Dois-je manger moins pendant que je suis blessé ?

Vous devez ajuster votre apport pour correspondre à votre dépense énergétique réduite, mais sans restriction agressive. Votre corps a besoin de calories et de protéines adéquates pour guérir. Une réduction modérée par rapport à votre apport habituel (correspondant à votre TDEE blessé) est appropriée. Évitez de manger à un déficit significatif pendant la guérison active.

Vais-je retrouver du muscle après la guérison de ma blessure ?

Oui. La mémoire musculaire — le phénomène par lequel les muscles précédemment entraînés retrouvent leur taille et leur force plus rapidement que les muscles non entraînés — est bien documentée.
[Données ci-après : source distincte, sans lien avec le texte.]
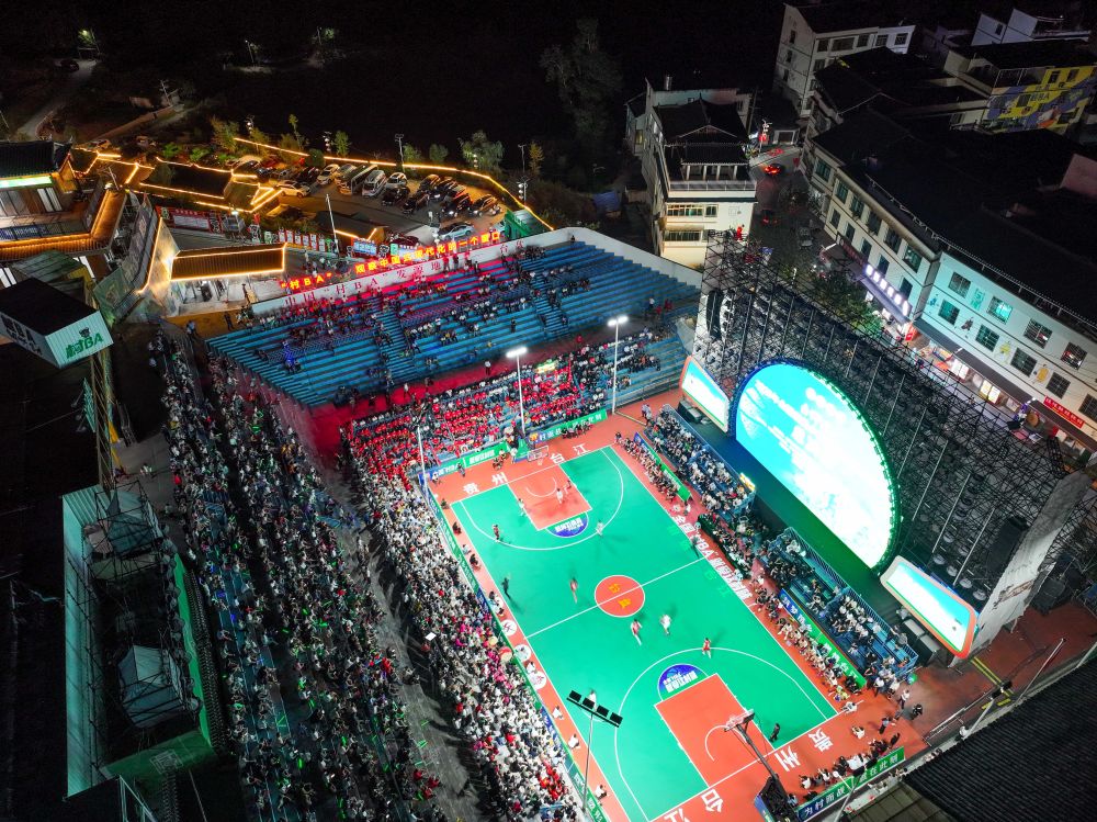 2025年10月12日,全国和美乡村篮球大赛(“村BA”)总决赛在贵州省台江县台盘村开赛。新华社发(袁福洪摄)
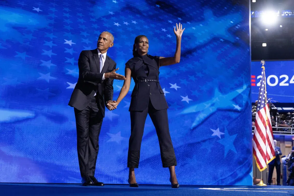 CHICAGO – The Democratic Party’s golden couple propelled the nascent presidential bid of Ms Kamala Harris into orbit by strongly endorsing the US Vice-President at the Democratic convention in the Windy City.
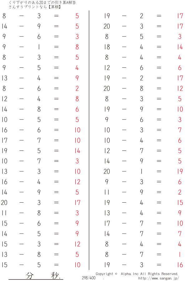 くり下がりのある20までの引き算A(1桁で引く) [解答]298/400
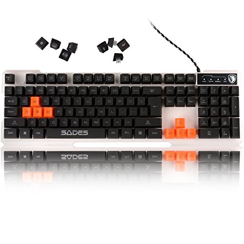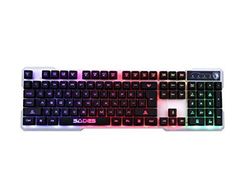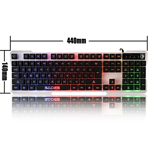 SADES k7 Gaming Keyboard With Colorful Backlight Wired USB 104 keys Automatic Dormancy For PC White Panel
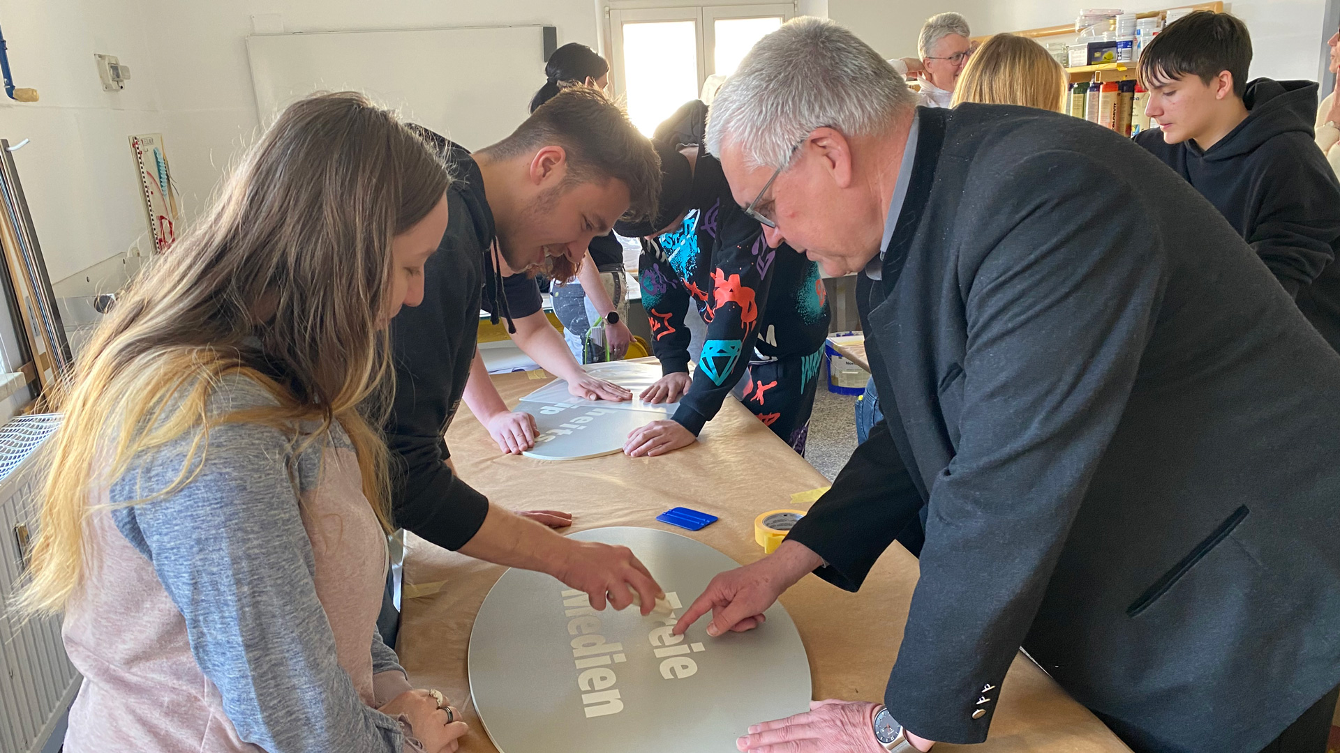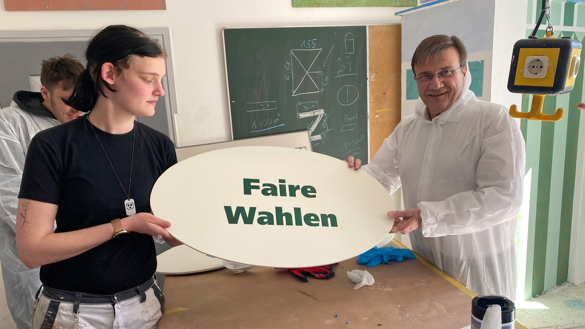 Anschließend ging es für die Gäste und die Mitglieder des Jugendparlaments in die Malerwerkstatt: Gemeinsam mit Berufsschulleiter Tobias Mandl und Einrichtungsleiterin Frauke Riegelsberger-Ganglmeier sprayten sie Demokratiebegriffe wie Wahlurne, Mehrheitsprinzip, faire Wahlen, freie Medien oder Meinungsfreiheit. Ausbilder Alexander Schwarzhuber hatte Schablonen und Schilder dazu vorbereitet und gab Tipps im Umgang mit der Spraydose. Die Schilder werden im großen Stucksaal im Haus des Guten Hirten ausgestellt.

Des recherches dans Frontiers in Physiology confirment que retrouver du muscle perdu prend généralement 50 à 75 % du temps qu'il a fallu pour le construire à l'origine, à condition d'avoir un apport adéquat en protéines et un entraînement progressif.

Comment puis-je prévenir la prise de poids pendant la récupération d'une blessure ?

Ajustez votre apport calorique pour correspondre à votre TDEE réduit (généralement entre 1 900 et 2 100 calories pour les individus modérément actifs désormais immobilisés). Maintenez un apport élevé en protéines (1,6 à 2,2 g/kg de poids corporel) pour préserver le muscle et soutenir la guérison. Suivez votre alimentation pour rester conscient. Bougez les parties de votre corps que vous pouvez en toute sécurité.

Quand puis-je recommencer à faire de l'exercice après une blessure ?

Uniquement lorsque vous êtes autorisé par votre médecin ou votre physiothérapeute. Reprendre l'exercice trop tôt risque de provoquer une nouvelle blessure, ce qui prolongerait votre période de récupération et de prise de poids. Suivez votre protocole de réhabilitation, et une fois autorisé, commencez à faible intensité et augmentez progressivement.